These days InnoDB is the “gold standard” for storage engines in MySQL–both in terms of performance and durability. InnoDB has been around long enough that we kind of take it for granted. It’s been years since arguments like “MySQL doesn’t even have real transactions!” held any water. While I’ve written about some of InnoDB’s shortcomings, the reality is that it works remarkably well for the vast majority of users. And InnoDB’s early design was modeled after Oracle, so its success is hardly shocking.
But can we do better? What if someone decided to build a new transactional storage engine from the ground up, using the lessons learned from InnoDB (and other databases) over the last decade and taking modern hardware architecture into account?
PrimeBase XT (PBXT) is a pluggable, transactional storage engine for MySQL. It uses a unique “write-once”, log-based update strategy and MVCC (multi-version concurrency control) to provide optimal performance over a wide range of tasks.
There’s a white paper available that describes the basic architecture and design goals of the PBXT engine. Of course, you’re welcome to read the whole paper, but I’m going to assume you’re busy and are mainly interested in the highlights and how it differs from InnoDB.
High-Level Similarities and Differences
All of the high-level features we’ve come to expect from a modern transactional storage engine, like InnoDB, are also present in PBXT:
MVCC: multiple readers and writers, readers do not lock
Transactional: BEGIN, ROLLBACK, and COMMIT
ACID-Compliant: committed data is durable
Row-Level Locking: good concurrency for mixed read/write applications
Deadlock Detection: smart and fast handling of contention
Referential Integrity: foreign keys
In other words, applications designed around InnoDB are likely to work well using PBXT as well. But there are also some noteworthy features that are unique to PBXT.
Write-Once: unlike InooDB, PBXT writes all data to disk a single time (more on this shortly) which means a lot less I/O on write-heavy workloads
BLOB Streaming: using the Primebase Media Streaming (PBMS) add-on, PBXT can efficiently handle streaming of BLOB data to the client without blowing out the main database cache
The similarities between InnoDB and PBXT aren’t terribly interesting for most purposes, so let’s dig a little deeper into what’s truly unique to PBXT.

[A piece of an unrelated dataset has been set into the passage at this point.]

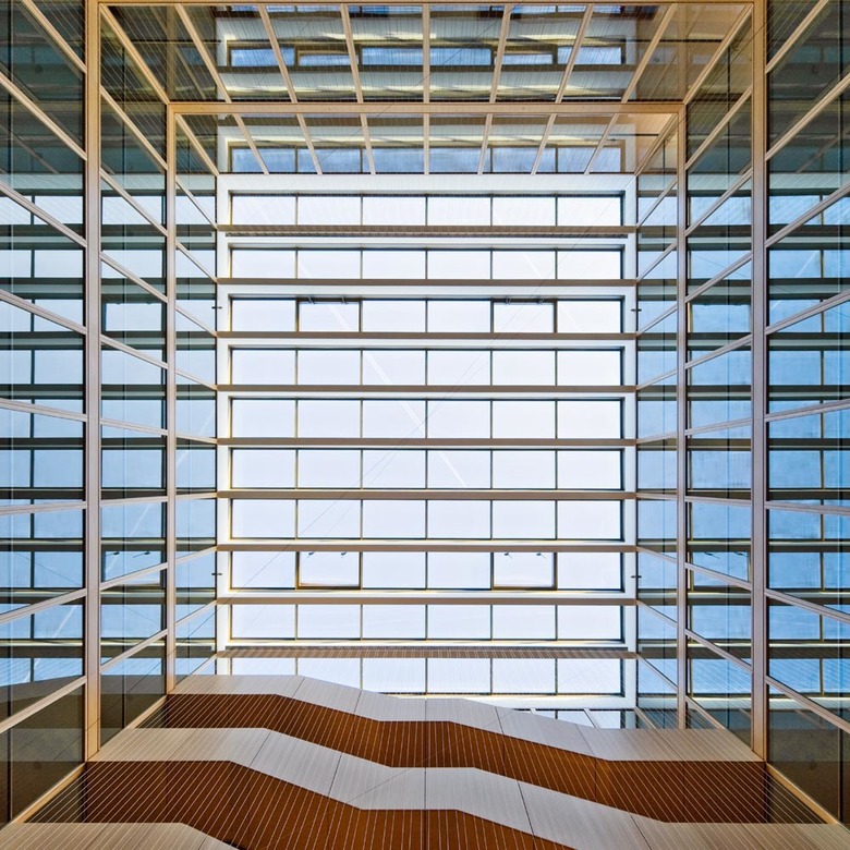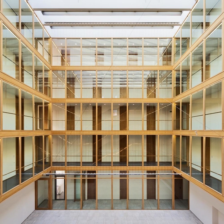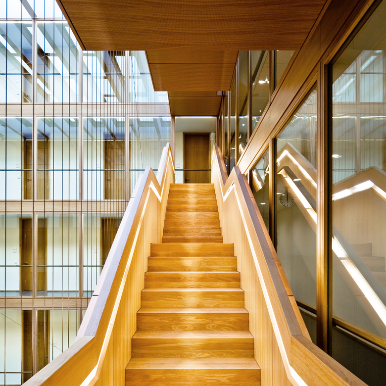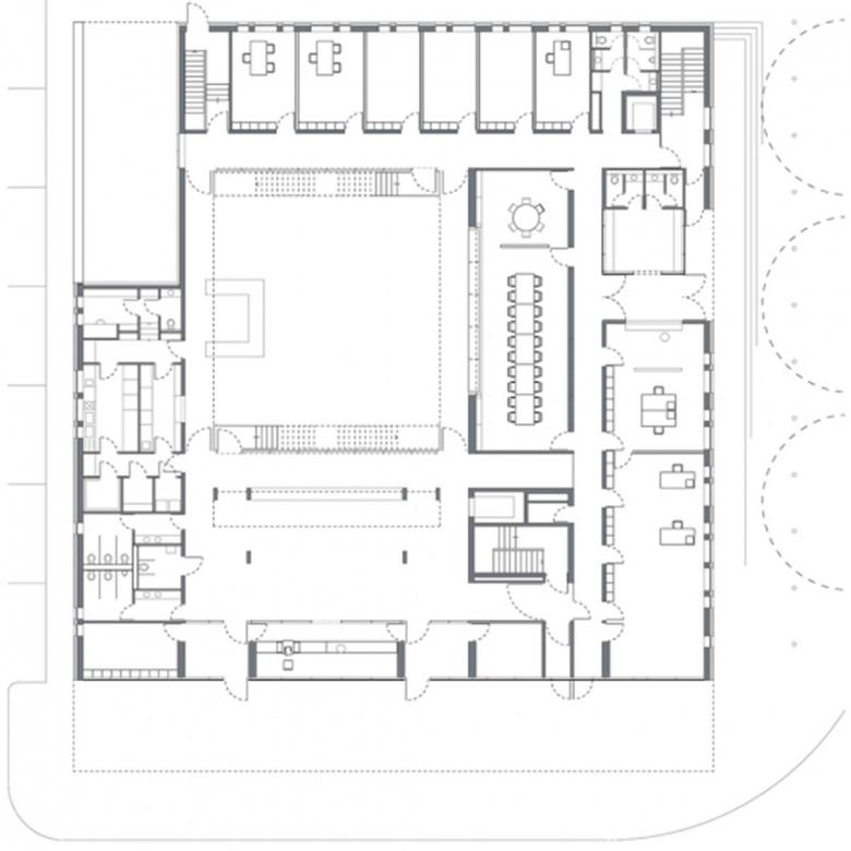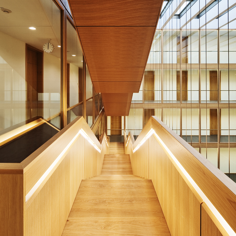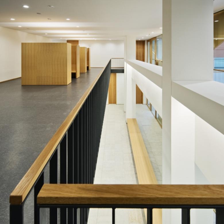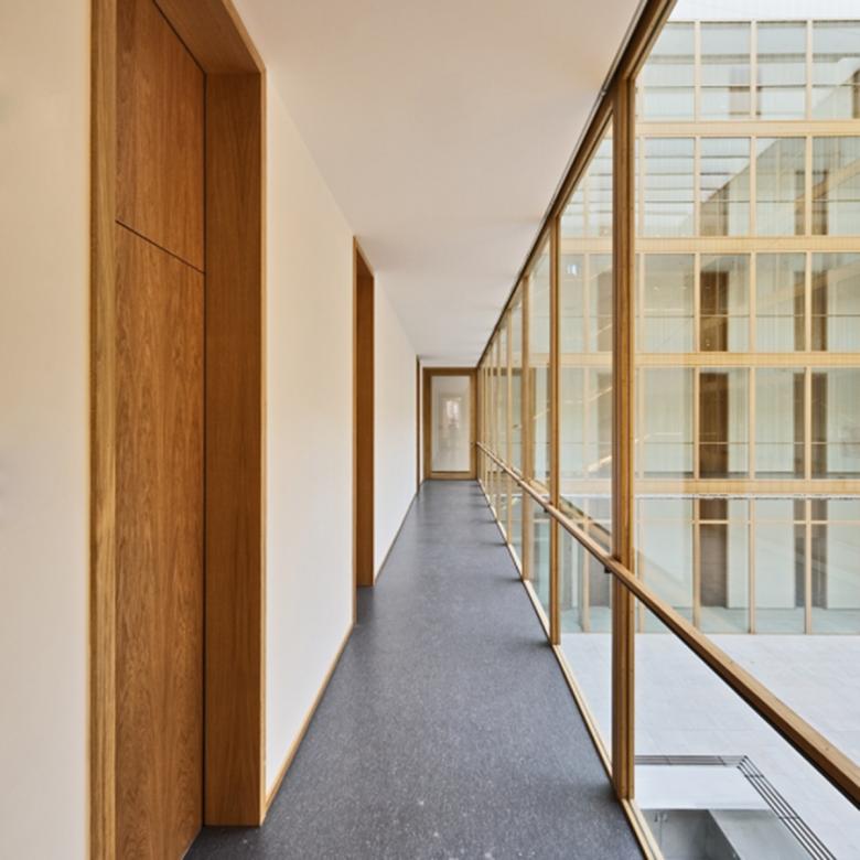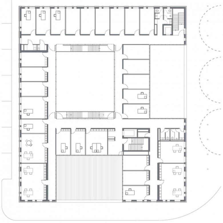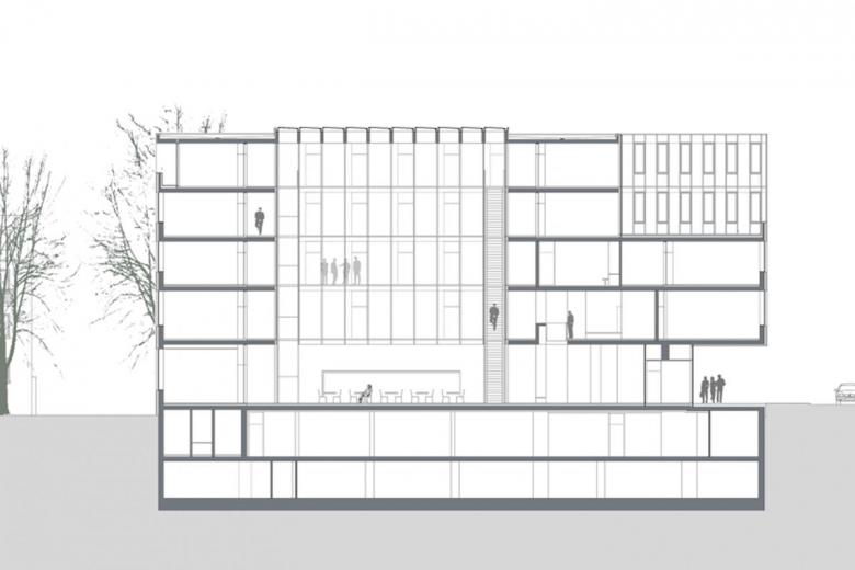 Der 5-geschossige Baukörper wird durch plastische Einschnitte, das Wegnehmen einzelner Volumen aus einem Quader, gegliedert. Es entsteht ein gleichwertiger Stadtkörper in der Reihe von Amts- und Landgericht, der die Maßstäblichkeit des angrenzenden Johannesviertels respektiert. Das 'Herz' und Orientierungspunkt des Gebäudes bildet die lichtdurchflutete zentrale Halle, und interpretiert so das Thema der Erschließungshalle im alten Amtsgericht neu.
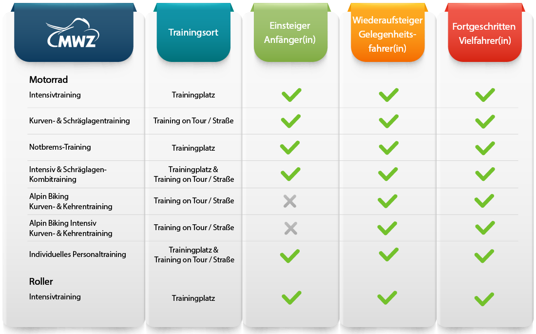 Trainingstour ist das optimale Stichwort zu unseren mehrtägigen MWZ Kurven- & Kehrentraining. Wir haben diese jahrelang bei Euch sehr beliebten Trainings weiter optimiert.

The most important design choice that Paul McCullagh (PBXT’s lead developer–see his PBXT blog) made was to use a log-oriented storage system instead of the more traditional tablespaces. I referred to this above as a “write-once” strategy that’s different from what InnoDB does. InnoDB writes all changes to a transaction log on disk (as well as the in-memory version of the affected pages from the modified table(s)) and eventually writes those changed pages back out to the tablespace file(s) on disk too.
PBXT does not separate the data storage from the logs. They are one in the same. That leads to some very interesting consequences, some of which are quite beneficial:
Table size is essentially unlimited since filesystem per-file restrictions are not a factor
Logs are written sequentially, so random I/O operations are reduced and you can get more throughput out of your disks
Log entries are written at commit, so there are no “dirty buffers” to manage in the server
Log entries are never updated–an update to a record means writing a new log entry
Rollbacks require no changes to the data (since records are never modified)
Recovery from a crash does not require an extensive replaying of logs, so recovery time is minimal
Now there’s a bit more to the picture than this. Logs alone don’t provide enough information to represent a table. There actually is a file on disk for each table stored in PBXT. But that file is really just a collection of references to the rows it the table. In PBXT lingo, those references are called “handles” and they act as pointers to the information necessary to construct a given row in a given table–the log entries.
Some of PBXT’s performance comes from the fact that the heavy-duty I/O is all written to log files in serial fashion. The handles are relatively compact in size, so as new row data is written to the logs, updating the handle references is a fairly inexpensive operation.
PBXT has been in development for several years and has all the necessary features to put it on par with InnoDB and other engines. Most recent work has been performance optimization and finishing off small bug fixes. That performance work has paid off well. In some benchmarks PBXT performs as well as or even better than InnoDB.
From a stability point of view, PBXT has a growing user base using it for more and more important tasks. That’s the single best endorsement for the stability of any piece of software. I fully expect to see adoption of PBXT really accelerate in the next twelve months. As of this writing, the second PBXT release candidate (RC) is available for testing.